Since their inception in 1972, they’ve played 2,057 regular season home games. 308 were in Atlanta, all at the Omni. 1,736 have been in Calgary: 120 at the Stampede Corral, 1,615 at the Saddledome and one at McMahon Stadium.
That leaves three home games that were played at neutral sites.
These are their stories.
Did you know that the Flames played a home game in Cincinnati, Ohio’s Riverfront Coliseum on Feb. 16, 1993?
Let’s flash back to 1992. The collective bargaining agreement between the league and the players’ association had expired prior to the 1991-92 season, and NHL president John Zeigler and new NHLPA head Bob Goodenow attempted to hash out a new deal while the season began without a CBA. Months later, with the league and the players still at odds over several issues, the players voted to strike.

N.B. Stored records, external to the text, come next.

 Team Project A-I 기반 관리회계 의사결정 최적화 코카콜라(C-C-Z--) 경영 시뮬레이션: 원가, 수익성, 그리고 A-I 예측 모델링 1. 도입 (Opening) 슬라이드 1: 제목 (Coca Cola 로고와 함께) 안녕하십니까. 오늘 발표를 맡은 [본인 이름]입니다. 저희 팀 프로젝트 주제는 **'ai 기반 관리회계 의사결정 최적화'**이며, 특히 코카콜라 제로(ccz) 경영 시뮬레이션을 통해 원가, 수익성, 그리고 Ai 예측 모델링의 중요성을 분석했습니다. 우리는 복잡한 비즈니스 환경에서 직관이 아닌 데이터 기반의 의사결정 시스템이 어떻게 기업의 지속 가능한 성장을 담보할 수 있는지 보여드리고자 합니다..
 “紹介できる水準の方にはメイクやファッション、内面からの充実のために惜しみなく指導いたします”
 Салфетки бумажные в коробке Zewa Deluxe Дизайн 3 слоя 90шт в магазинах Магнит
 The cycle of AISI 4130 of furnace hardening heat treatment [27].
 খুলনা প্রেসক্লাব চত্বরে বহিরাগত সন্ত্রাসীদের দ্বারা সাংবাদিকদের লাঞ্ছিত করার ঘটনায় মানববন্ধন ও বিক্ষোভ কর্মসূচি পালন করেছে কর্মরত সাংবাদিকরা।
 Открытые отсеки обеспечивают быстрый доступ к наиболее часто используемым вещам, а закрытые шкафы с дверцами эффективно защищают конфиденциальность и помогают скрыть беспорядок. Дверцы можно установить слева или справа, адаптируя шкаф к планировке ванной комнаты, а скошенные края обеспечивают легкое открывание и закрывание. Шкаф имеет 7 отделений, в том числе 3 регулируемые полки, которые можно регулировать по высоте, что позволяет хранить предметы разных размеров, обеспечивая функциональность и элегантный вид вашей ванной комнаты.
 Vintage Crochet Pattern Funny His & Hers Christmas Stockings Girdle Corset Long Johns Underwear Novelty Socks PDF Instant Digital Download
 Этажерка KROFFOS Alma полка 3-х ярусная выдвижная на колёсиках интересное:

After a three day strike, which lasted Apr. 1-10, 1992, a new, one year CBA was agreed upon. (The regular season games that had been disrupted by the strike were rescheduled, followed by the 1992 playoffs.) As part of the new CBA, the NHL season was expanded from 80 to 84 games starting in 1992-93, with each club playing two games per season in cities without NHL teams in an effort to test out new markets for potential expansion.

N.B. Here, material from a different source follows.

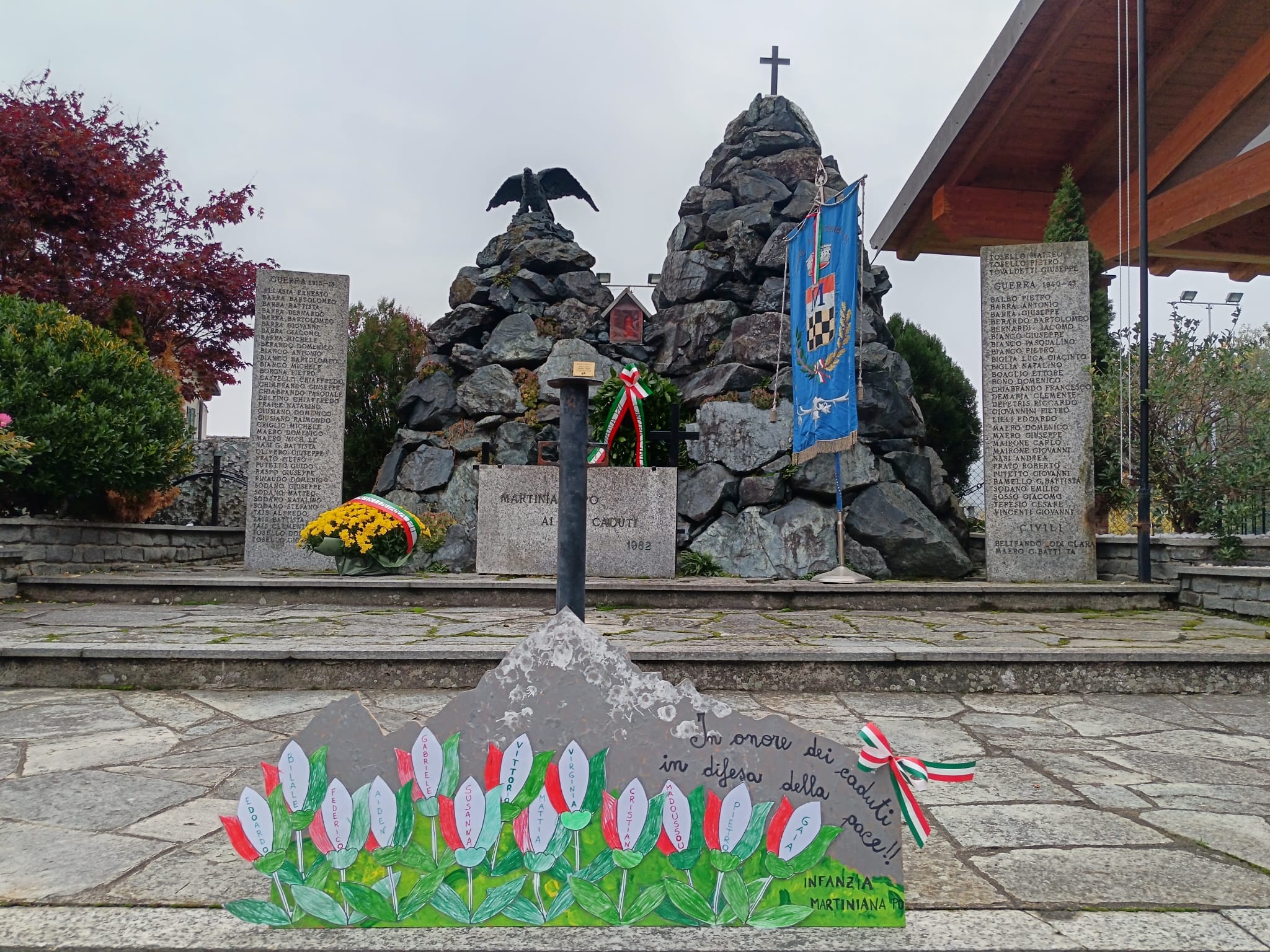 Le insegnanti e i bambini della scuola dell'infanzia di Martiniana Po hanno ricordato con il gruppo alpini sezione di Martiniana Po la ricorrenza del 4 novembre dell'Unità nazionale e delle forze Armate .E' stato creato dai bambini un pannello in legno e consegnato al capogruppo in occasione della celebrazione della Santa Messa. Molto toccante è stata la testimonianza di un alpino che ha ricordato la sua infanzia durante la seconda guerra Mondiale e subito dopo la fine della guerra . C'E' SEMPRE PIU' BISOGNO DI PACE SOPRATTUTTO IN QUESTO MOMENTO STORICO DOVE IN TANTE PARTI DEL MONDO ANCORA SI MUORE PER LA GUERRA.

And so, the Flames ended up playing a home game against Eric Lindros and the Philadelphia Flyers on Feb. 16, 1993… in Cincinnati, Ohio. It ended as a 4-4 tie, and by all accounts it was a very weird game. (Their neutral site road game in mid-October was in Saskatoon against Minnesota and was said to be a very normal game.)

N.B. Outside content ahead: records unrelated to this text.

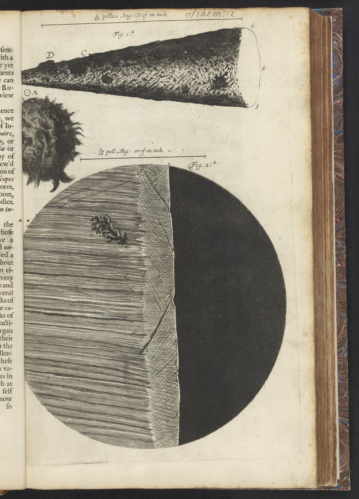 Engravings from Schem. 2 of the first edition of Robert Hooke's seminal volume, Micrographia : or, Some physiological descriptions of minute bodies made by magnifying glasses. With observations and inquiries thereupon. Figure 1 depicts the point of a sharp small needle. Figure 2 depicts the edge of a razor.
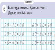 3-тапсырма Есептеуді тексер. Қатесін түзет. Дұрыс шешімін жаз 50+10=60 60+40=100 90-30=60 80-50=30 70-40=30 50+50=100
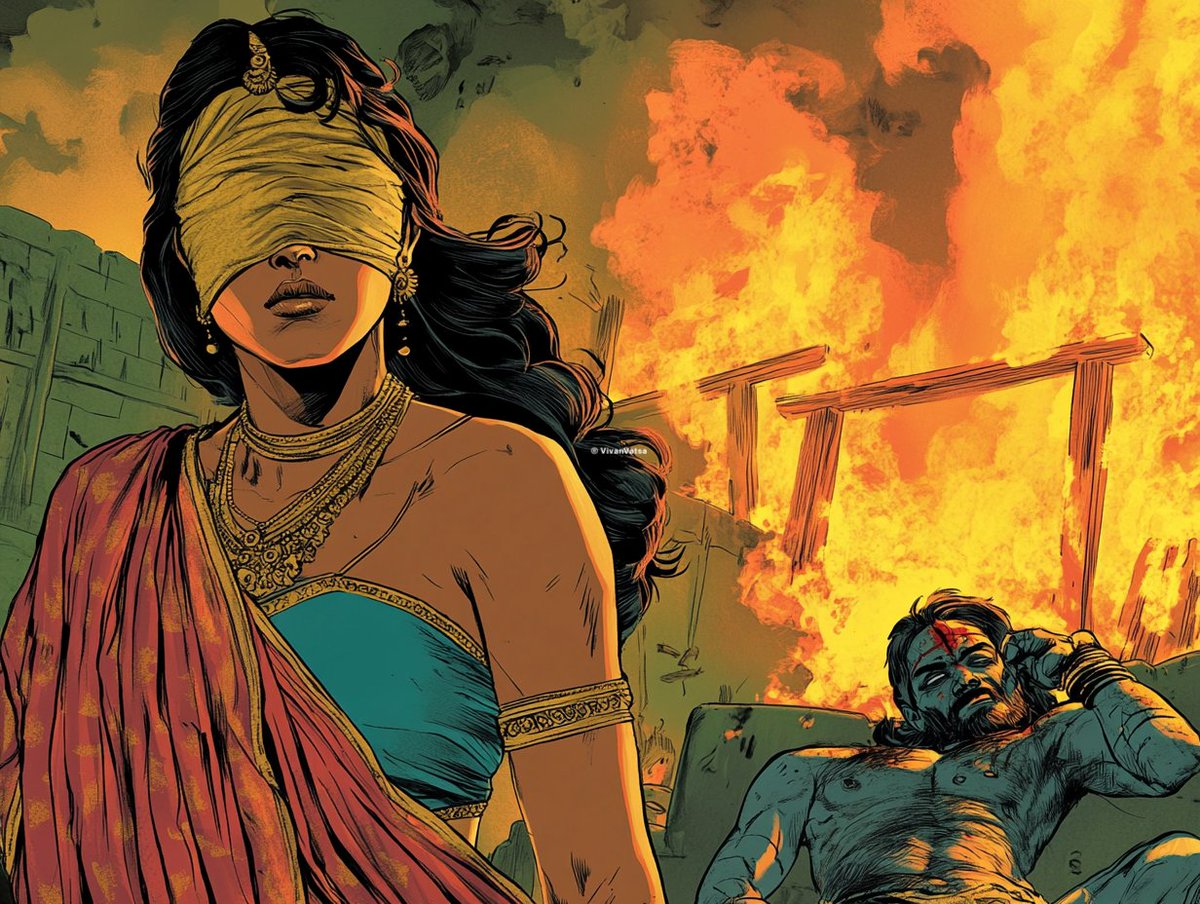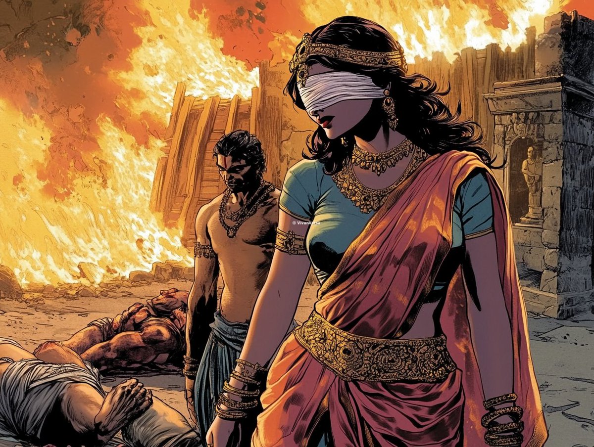 Gandhari. Queen of Hastinapur & wife of King Dhritarashtra. She never forgot her roots, her Sanatan Sanskriti. Despite being born with the ability to see, Gandhari voluntarily blindfolded herself for life to share the darkness that her blind husband Dhritarashtra lived with.
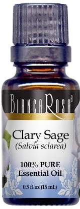 Sage, Clary Pure Essential Oil (0.50 oz, ZIN: 305092): Clary Sage – ( Salvia sciarea ) – Plant Family – Lamiaceae (Labiatae). – Synonyms – Clary, clary wort, clear eye, common clary, see bright, eye bright, muscatel sage, orvale, toute-bonne. – Description and Distribution – A strongly aromatic, shrubby herb reaching up to 3 feet (1 m) with spikes of white, violet or pink flowers. Clary is native to the Mediterranean, but is cultivated worldwide. The highest quality oil is produced in France, Britain and Morocco. – Extraction Method – Steam distillation of the flowering tops and leaves. – Nature of the Oil – A colourless to pale yellow liquid. The aroma is sweetly herbaceous and nutty with a floral tinge. Its odour effect is uplifting and relaxing; a reputed aphrodisiac. – Main Constituents – Linalyl acetate, linalol, pinene, myrcene, sclareol, phellandrene. – Properties – Anti- – Essential Oils by Bianca Rosa are 100% Pure Natural Essences derived from the highest quaEssential Oils by Bianca Rosa are 100% Pure Natural Essences derived from the highest quality fruits, flowers, leaves, spices, herbs and roots. Our essential oil distillers and growers are located around the world, operating ethically, organically and che
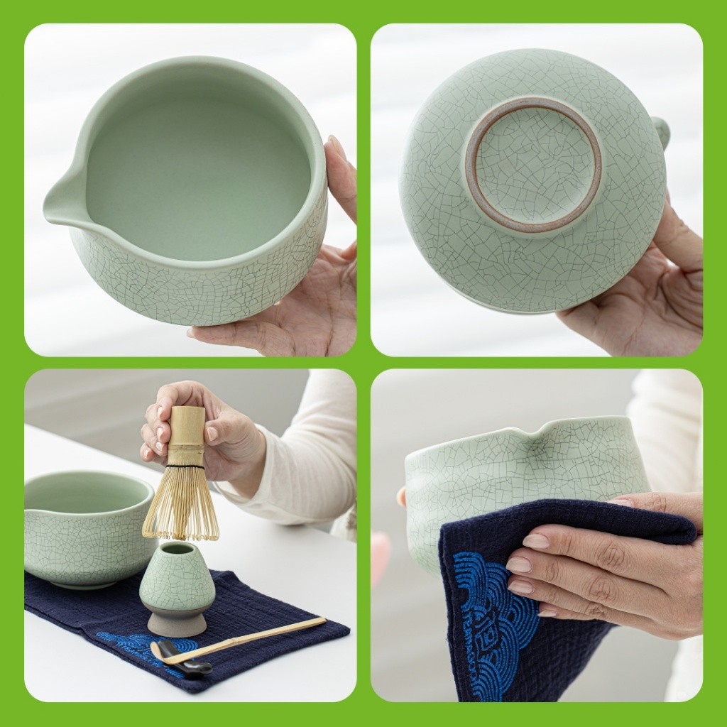 TEANAGOO Matcha Whisk Set สีเขียว,7 ชิ้น Matcha Set,Matcha Kit สําหรับพิธี,ชุดน้ําชามัทฉะสําหรับทําอาหารเช้า/ลาเต้,Green Matcha Bowl(Cwan) whith Spout และ WhiskN38
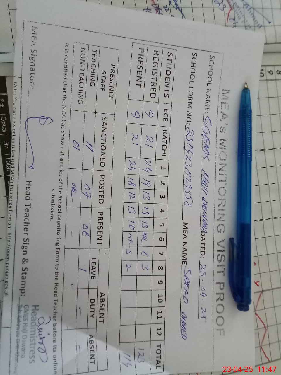 | Attendance Register | Head Teacher | MEA with School | Visit Proof |
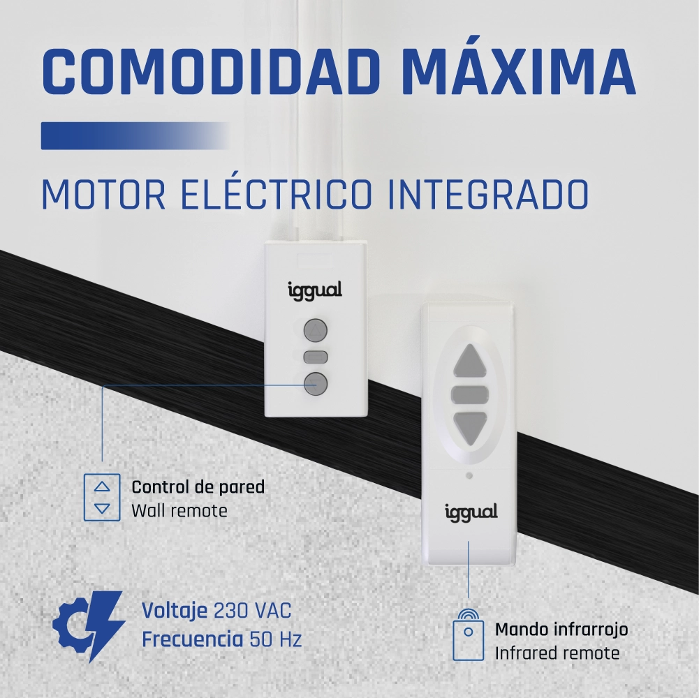 - Incluye control de pared y mando remoto infrarrojo (IR)

The Flames got off to a great start. They scored four goals on 13 shots in the first period, with the snipes from Joe Nieuwendyk, Theo Fleury, Ron Stern and Gary Roberts chasing Flyers netminder Dominic Roussel. Eric Lindros and Pelle Eklund responded for the Flyers.
Tommy Soderstrom replaced Roussel in net for the second period and the Flyers spent the remainder of the game trying to chip away at the Flames lead. Rod Brind’Amour scored late in the second period to cut the lead to 3-2, and Brent Fedyk scored a third period power play goal to tie the game at 4-4.
Neither team scored in the five-minute overtime and the game ended as a tie. The outcome got even worse for the Flames after Roberts was hurt in overtime off a collision with Garry Galley.
The Flames played the game with an odd configuration of eight defenders and 10 forwards, and forward Brian Skrudland dressed but barely played after suffering an injury in warm-up.
The game was widely criticized as… bad. The Calgary Herald‘s Eric Duhatschek filed a game story that included the phrases “no-hitter” and “sloppy,” noted that the puck hardly settled down, and reported a 27-minute delay to start the game due to difficulty figuring out how to install the pegs to secure the nets. (His gamer also noted the nets were set a foot too far back at either end.)
In a separate piece by Duhatschek, the way the boards and glass were set up in the arena were called “dangerous” by several players due to the presence of steel plates and protruding bolts holding the glass in place. Oh, and the game was attended by just 7,900 fans.
Roberts missed the next 26 games due to his leg injury. There was no supplemental discipline on the play, in part due to the poor quality of the set-up in Riverfront Coliseum making video review extremely difficult.
Neutral site games returned in 1993-94, but not to Cincinnati.